Work task:
A faithful copy is needed of the lines below from the one with "胡散臭い通販商品みたいなあだ名 | 『来世でも幸せになれる健康食品…その名も「ありいち」』 |" up to and including the one with "我校教育科学研究院院长朱振林与清滨小学校长刘艳华签署合作协议 摄影:李岩松"; set it down with no pictures and no other lines.

Supplied material:
%%
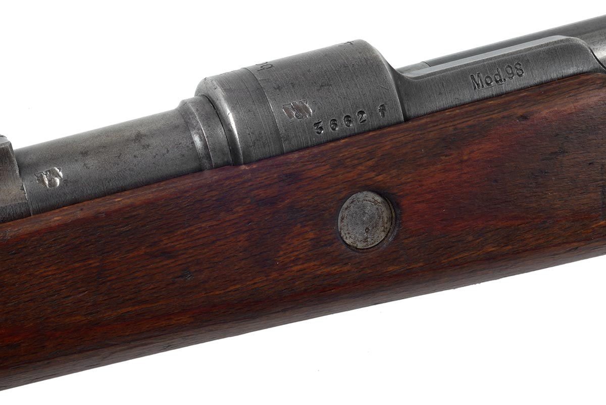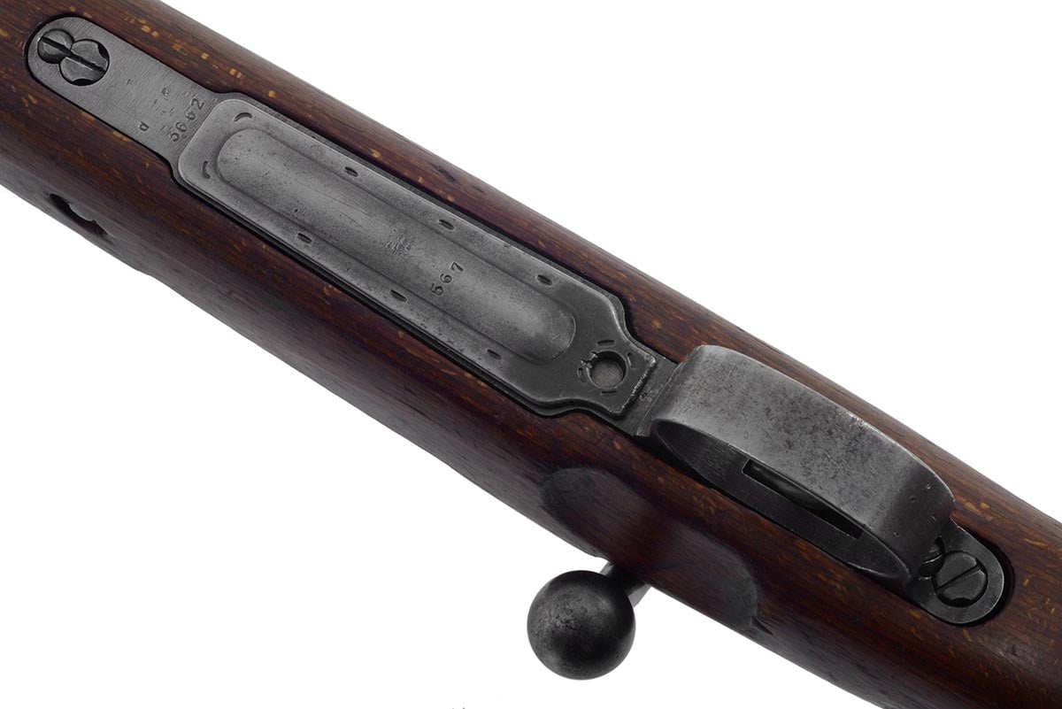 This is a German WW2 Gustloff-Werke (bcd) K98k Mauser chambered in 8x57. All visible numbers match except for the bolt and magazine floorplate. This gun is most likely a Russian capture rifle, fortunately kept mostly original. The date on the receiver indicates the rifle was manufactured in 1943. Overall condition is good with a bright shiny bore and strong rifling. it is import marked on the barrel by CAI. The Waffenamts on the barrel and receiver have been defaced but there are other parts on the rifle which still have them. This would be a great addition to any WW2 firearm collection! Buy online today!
%%
%%
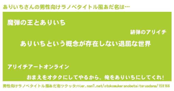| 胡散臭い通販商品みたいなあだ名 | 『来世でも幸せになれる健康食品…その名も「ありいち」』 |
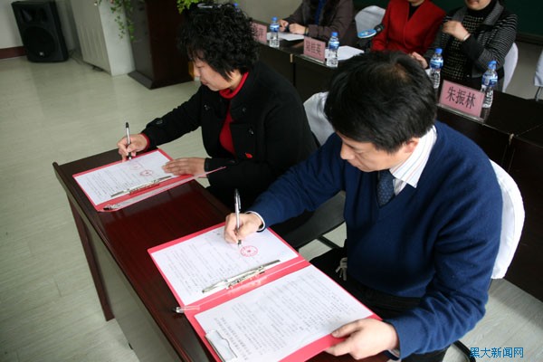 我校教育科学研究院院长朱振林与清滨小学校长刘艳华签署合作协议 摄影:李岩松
%%
%%
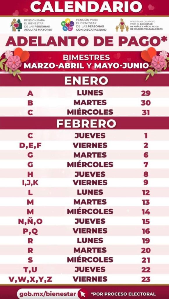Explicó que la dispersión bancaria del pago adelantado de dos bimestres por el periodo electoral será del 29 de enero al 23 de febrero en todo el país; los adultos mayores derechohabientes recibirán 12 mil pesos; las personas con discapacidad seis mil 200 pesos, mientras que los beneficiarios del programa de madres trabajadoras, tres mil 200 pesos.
%%
Answer to this task:
| 胡散臭い通販商品みたいなあだ名 | 『来世でも幸せになれる健康食品…その名も「ありいち」』 |
 我校教育科学研究院院长朱振林与清滨小学校长刘艳华签署合作协议 摄影:李岩松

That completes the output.